ABSTRACT

Industrial AI is a systematic discipline that focuses on developing, validating, and deploying machine learning (ML) algorithms for industrial applications with sustainable performance. Combined with state-of-the-art sensing, communication, and Big Data analytics platforms, a systematic Industrial AI methodology will allow the integration of physical systems with computational models.

The concept of Industrial AI encompasses the collective use of a number of technologies, such as Internet of Things (IoT), Cyber-Physical Systems (CPS), and Big Data analytics, under the Industry 4.0 initiative where embedded computing devices, smart objects, and the physical environment interact to reach intended goals.

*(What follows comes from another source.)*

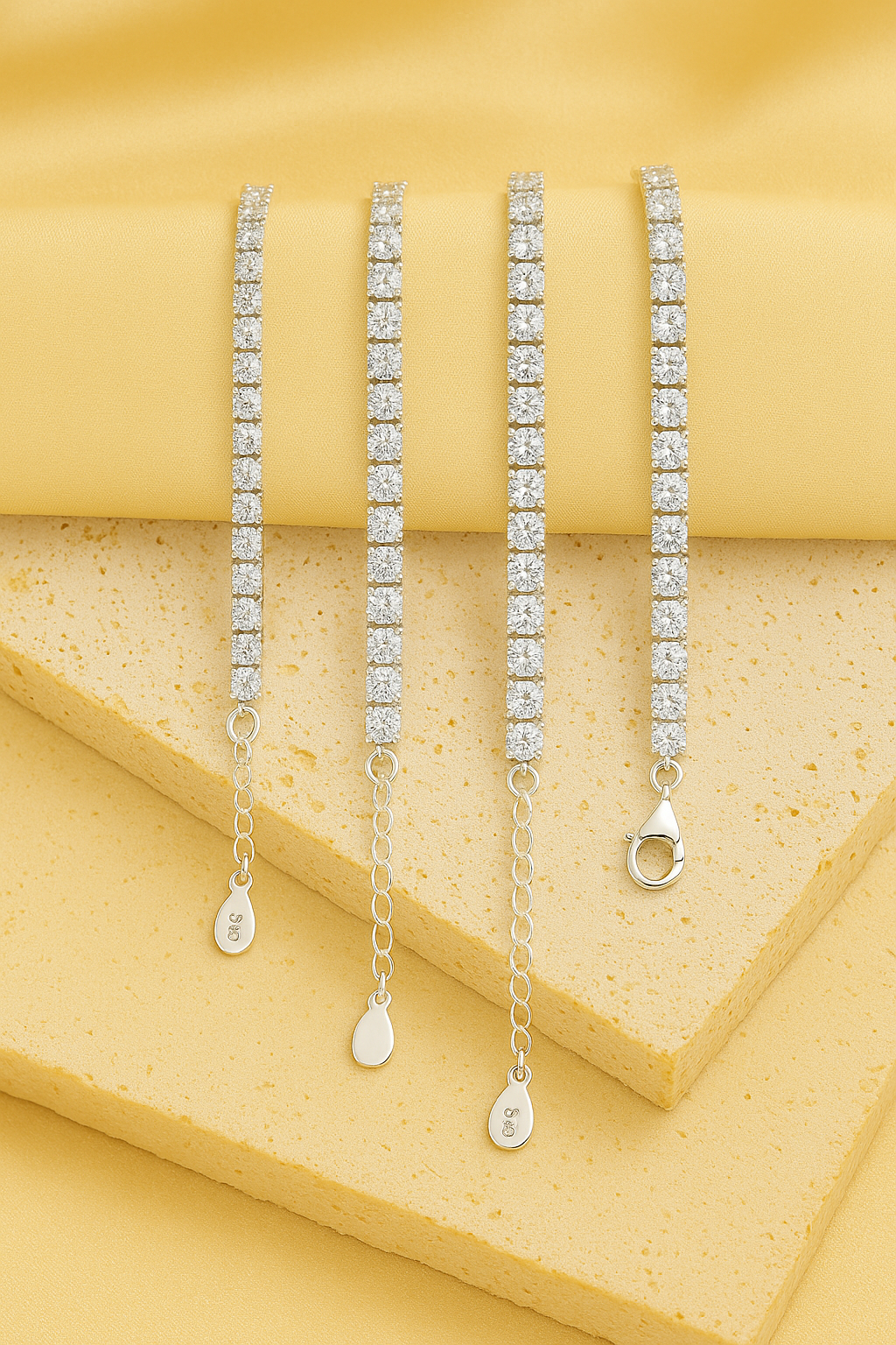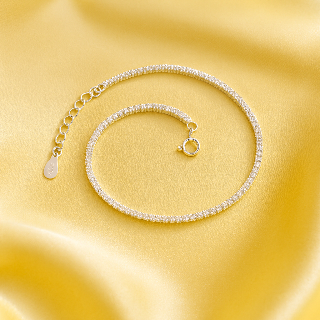 Crafted from genuine 925 sterling silver and available in three stone sizes — delicate 1 mm, graceful 2 mm, and bold 3 mm — this bracelet offers a perfect fit for every mood and occasion. Its timeless design is enhanced by meticulous diamond-inlay detailing, giving it the allure of high jewelry without the weight.

Industrial AI is in its infancy, but a broad range of industries, including automotive, aerospace, healthcare, semiconductors, energy, transportation, mining, construction, and industrial automation, could harness its power to gain insights into the invisible relationship between various operation conditions and use those insights to optimise their uptime, productivity, and efficiency. In terms of predictive maintenance, Industrial AI can detect incipient changes in a system and predict remaining useful life (RUL), thus optimising maintenance tasks and avoiding disruption to operations.

This chapter analyses Industrial AI in several case studies: AI Factory for Railway, AI Factory for Mining, AI Factory – Augmented Reality (AR) & Virtual Reality (VR) Services, and AI Factory – Cybersecurity Services.